«Вакх» Рубенса и душа стиля Барокко

Ну вот, название «волшебной» картины я выдал прямо в заголовке. «Вакх» Рубенса.

Почему-то не могут даже адекватные на вид посетители удержаться от некорректных комментариев в адрес его фигуры. И ладно бы просто некорректных! Так ведь еще и несмешных, и глупых. Мне больше всего запомнилась «шутка» одного дяденьки: «А вот и портрет Екатерины Второй!» Услышав, я завис секунд на тридцать. В итоге догадался, что имелась ввиду его женоподобная – из-за складок жира на груди – фигура.

Мда… Мог ли Рубенс предполагать, что пройдет пятьсот лет – и его картина станет всеобщим посмешищем? Вряд ли. Он же писал ее для знатоков, способных расшифровать все хитро рассеянные по ней отсылки к греческим мифам (их здесь немало, но об этом я уже рассказывал в другом месте). С другой стороны, будучи и сам тонким ценителем, Рубенс не мог не знать, как те же древние греки изображали Диониса (или Вакха, если вам ближе латинский вариант).

А изображали – молоденьким, стройным и подтянутым. Вот так примерно:

 

 

Как же вышло, что к эпохе Рубенса Вакха так «разнесло»?

Честно признаюсь: наука пока не в курсе дел. Версии есть разные. Самая убедительная версия объясняет эту метаморфозу сменой угла зрения. Ведь в Средние века античные персонажи из культуры не исчезли; просто многие сменили знак с «плюса» на «минус». Богиня любви Афродита стала демоницей, толкающей на разврат. Любовь, которую греки обожествляли, на фреске Джотто предстает чудищем с когтистыми лапами и завязанными – символ духовной слепоты! – глазами:

 

 

Так и Вакх из бога веселья стал воплощением обжорства (которое, на секундочку, входит в список смертных грехов!). Отсюда и карикатурная внешность.

Версия убедительная, хоть и не единственная.

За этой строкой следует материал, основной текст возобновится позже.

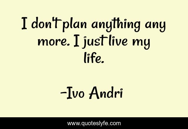 This page presents the quote "I don't plan anything any more. I just live my life.". Author of this quote is Ivo Andrić. This quote is about life, live, plan,.
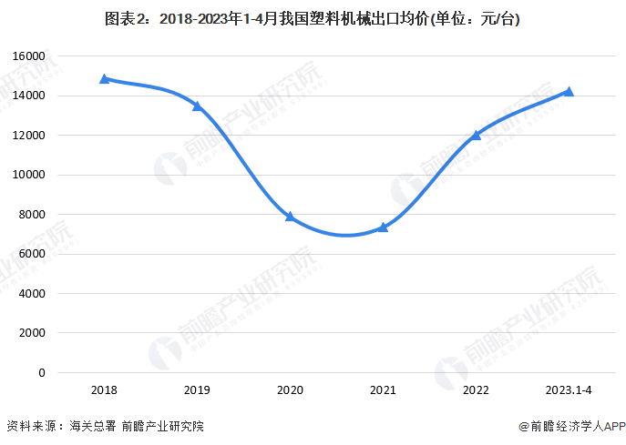 ——塑料机械出口均价经历下跌后企稳回升

Нам сейчас важно другое: толстый Вакх для Рубенса был удобен. Потому что толстый Вакх идеально сочетается с сутью барочного стиля, одним из создателей которого, собственно говоря, Рубенс и считается.

Что у каждого стиля есть собственно главная идея, собственная внутренняя логика — это давно подмечено. Более того, не обязательно быть утонченным ценителям, чтобы эту идею рассмотреть. О том, что главное в готике — страстное стремление вверх, пишут, кажется, даже в школьных учебниках за 5 класс. Но вот что действительно отличает разбирающегося в искусстве ценителя, так это умение подмечать этот дух в каждой детали, в каждой мелочи; это понимание внутренней логики стиля, направляющей руку мастера.

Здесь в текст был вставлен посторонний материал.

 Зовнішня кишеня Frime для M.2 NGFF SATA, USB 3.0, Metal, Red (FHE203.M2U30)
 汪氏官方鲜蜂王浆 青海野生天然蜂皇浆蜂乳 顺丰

Вот, например, возьмем стиль барокко. В чем его направляющая идея? Бесконечная подвижность, изменчивость и дробность форм. И глядя на фасад любого дворца эпохи Елизаветы Петровны (сейчас все школьные экскурсии должны вставать у вас перед глазами…), мы тут же говорим: фасад, растворенный в невесомой лепнине, изрезанный легкими колоннами, как бы рассыпавшийся на сотни мельтешащих деталей – это явно барочный фасад!

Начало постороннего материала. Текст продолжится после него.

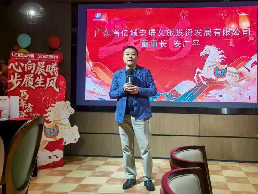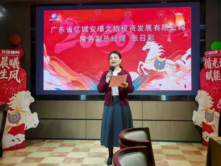 广东省亿城安璟文旅投资发展有限公司常务副总经理张召彩全面回顾了公司2025年在文旅赛道的坚守与突破,梳理了文旅项目推进、团队建设等方面的重点成果,鼓励全体同仁凝心聚力、务实奋进。
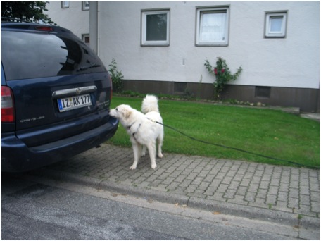 Auch ein Auto ist ein Geruchsträger. Da man es unterwegs auf den Trail schlecht mitnehmen kann sollte man, wenn man keinen anderen Geruch der zu suchenden Person hat, einen Abstrich der Autotürklinke mit einem Pad nehmen. Der lässt sich leichter transportieren. Mira nimmt noch einmal eine Nase voll Geruch auf, bevor sie anfängt, mich zu suchen.
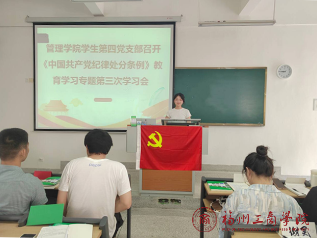 为进一步深入学习领会《中国共产党纪律处分条例》,引导广大学生党员牢固树立党规党纪意识,坚守纪律底线。5月29日下午,在线买世界杯平台学生第四党支部在教学楼D102召开《中国共产党纪律处分条例》教育学习专题第三次学习会。此次会议由支部书记杨心如主持,全体学生党员出席。

Хорошо! А теперь давайте посмотрим, как этот принцип проявляется не в масштабах гигантского дворца, а на небольшом листе бумаги. Вот – рисунок знаменитой античной скульптуры «Лаокоон и сыновья», выполненный Рубенсом:

 

 

А вот – оригинал:

 

 

Саму эту группу часто называют образцом «античного барокко». Действительно, тут вам и движение, и сложная композиция. А мышцы! Посмотрите, как они играют, льются, текут. Это водопад мышц, извержение мышц, налитые гроздья мышц!

Но Рубенсу этого мало. Ему, как герою «Служебного романа», усилить хочется.

А вот теперь смотрите внимательно, что он делает:

Первое: слегка меняет положение тела Лаокоона. У Рубенса он слегка сдвинут вглубь и повернут к нам сильнее боком. В итоге усиливается ощущение глубины, и вся композиция как бы начинает двигаться вдаль, улетать.

Второе: делает жесты более широкими, более выразительными. В оригинале рука Лаокоона заведена за голову, а рука старшего сына согнута в локте. У Рубенса обе руки вытянуты: у Лаокоона – в отчаянном усилии, у сына – в жесте мольбы. В результате – появляются новые диагонали, опять-таки направленные вглубь; ощущение стремительного полета делается еще сильнее.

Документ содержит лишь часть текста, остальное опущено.